But Murray cooly dealt with those nerves and helped the Pittsburgh Penguins to a 3-1 victory and a 2-1 series lead.
Murray suffered a concussion in the regular season finale on April 9 and didn’t return to practice with his Penguins teammates until Monday. His showing that day was enough for the 21-year-old netminder to feel ready to return to gameplay, and for his head coach to feel comfortable in naming him the Game 3 starter.
“I’m not a guy who likes to take a lot in practice anyway,” Murray said. “I don’t need much to really feel like I have to stay sharp. I think one practice was enough. I just tried to really push myself in that practice, obviously, because I hadn’t seen any action in a long time.”
The butterflies were there for Murray, a 2012 third-round pick by the Penguins. But once the Rangers got the first of their 17 shots on him, he started to settle. It also helped that his teammates did a good job at keeping the Rangers shots mostly on the perimeter and out of high-danger areas while limiting their time in the offensive zone.
After Sidney Crosby’s power play goal tied the game with 42 seconds left in the first period, the Penguins and Rangers traded chances in the second frame, but to no avail. Then 4:16 into the third period, Matt Cullen chipped a puck between two New York defensemen and beat Henrik Lundqvist five-hole on a breakaway to snap the 1-1 tie.
Cullen, who scored 16 goals and 32 points in the regular season, was praised by Penguins head coach Mike Sullivan afterward for his contributions and dressing room presence.
Despite his status as the wise old sage at 39 years old, Cullen wasn’t planning to impart any words of wisdom to calm a nervous Murray before the game.
“[I] stay outta his way. He’s knows what he’s doing,” Cullen said. “I stay out of his way. He’s done a great job. It’s fun to see. He comes with a smile on his face and he’s got a great confident attitude. I love it."
Murray’s absence coupled with Marc-Andre Fleury’s injury status caused Sullivan to turn to Jeff Zatkoff for Games 1 and 2. Fleury wasn’t even dressed for Game 3 and his return remains in limbo with the teams back at Madison Square Garden Thursday night.
While the Penguins were missing Fleury and going with goaltender No. 3 on the depth chart, Murray was smart about his recovery and not pressing to return before he was ready. Any setback could have put him out even longer and throwing the team’s crease situation in flux.
The wait paid off and the dreams Murray had growing up of playing in the Stanley Cup Playoffs finally came to fruition. Controlling the emotions wasn’t easy.
“Big focus of mine was not to get too far ahead of myself and really just be in the moment and not think about all the noise that’s going on around the game and just focus on the task at hand,” Murray said, “and I think I was able to do that.”

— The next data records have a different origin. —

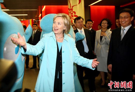 5月22日,美国国务卿希拉里·克林顿参观上海世博会中国馆,与吉祥物“海宝”互动。
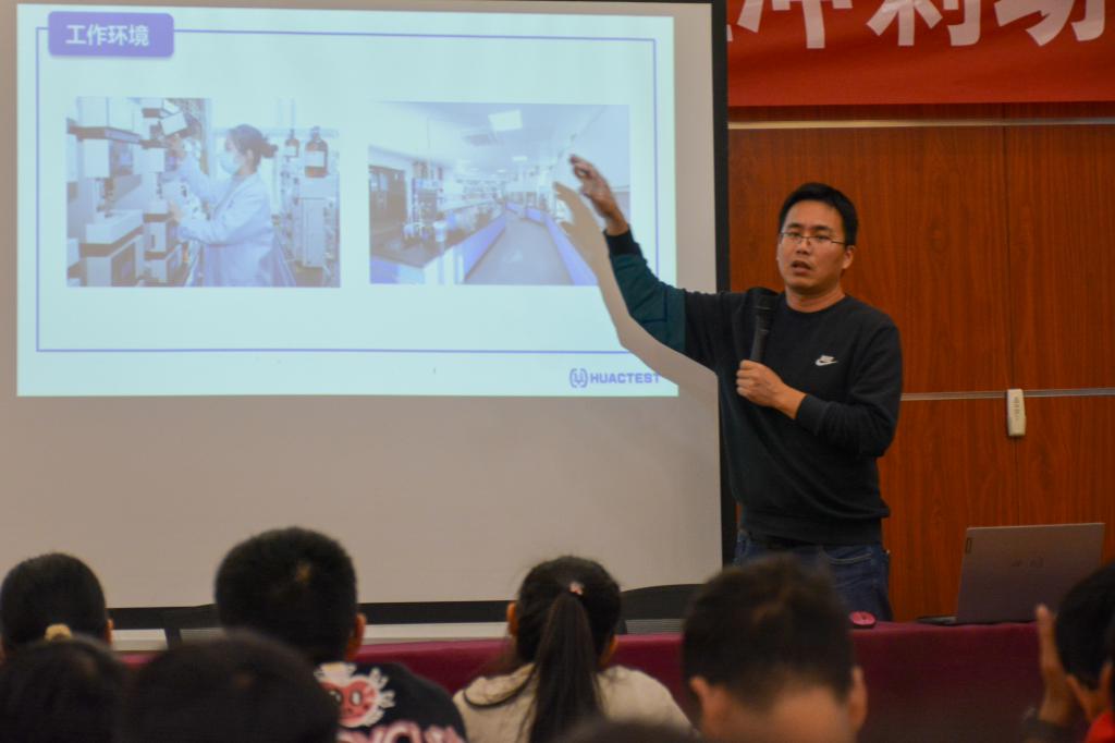 浙江华才检测技术有限公司的总经理、环境工程专业2001届校友汤欢均就企业简介、发展历程、荣誉资质、检测领域、硬件条件、培训体系、工作环境、人才需求及发展前景等方面向在座学生作了详细介绍,认真地解答了同学们关于该公司的行业定位、发展空间、师徒模式、薪资待遇等各种问题。会后,汤欢均与有意向的同学进行了深入的交流,多名同学现场投递了简历。
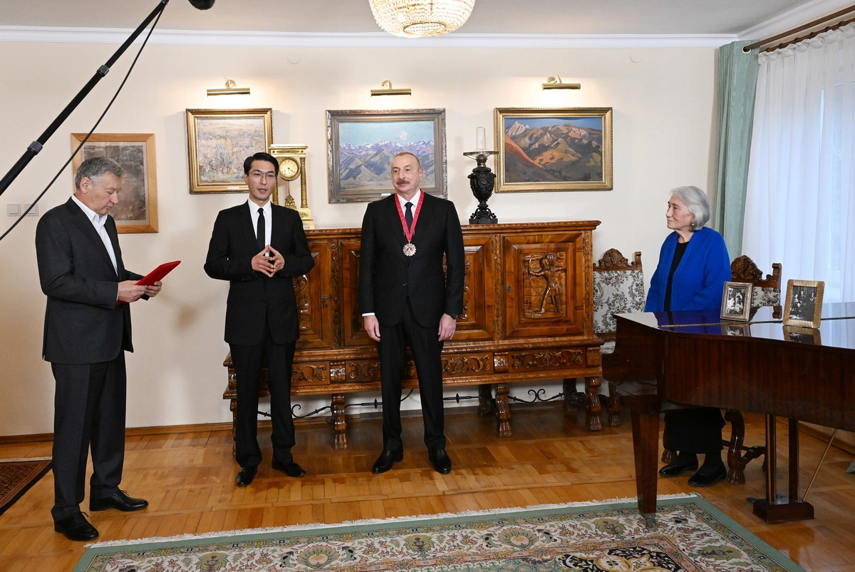 Sonra Prezident İlham Əliyevə “Çingiz Aytmatov” ordeninin təqdim edilməsi mərasimi oldu.

Both Cullen and Sullivan pointed to Murray’s demeanor after the game, noting his confidence in goal, which is something that can spread throughout a team during a game.
With the way Murray played during the regular season (9-2-1, one shutout, .933 even strength save percentage), it’s easy to see why the Penguins feel so comfortable with him in goal -- which means Fleury can take his time to recover.
Before the focus shifts to Game 4 Thursday night and the chance to go back to CONSOL Energy Center with a 3-1 series lead, Murray will take some time to enjoy his dream that came true.
“Can’t compare [feeling], especially at this arena I don’t think,” Murray said. “This is what you dream about, playing in the NHL, playing in the playoffs. I’ve never experienced anything like it.”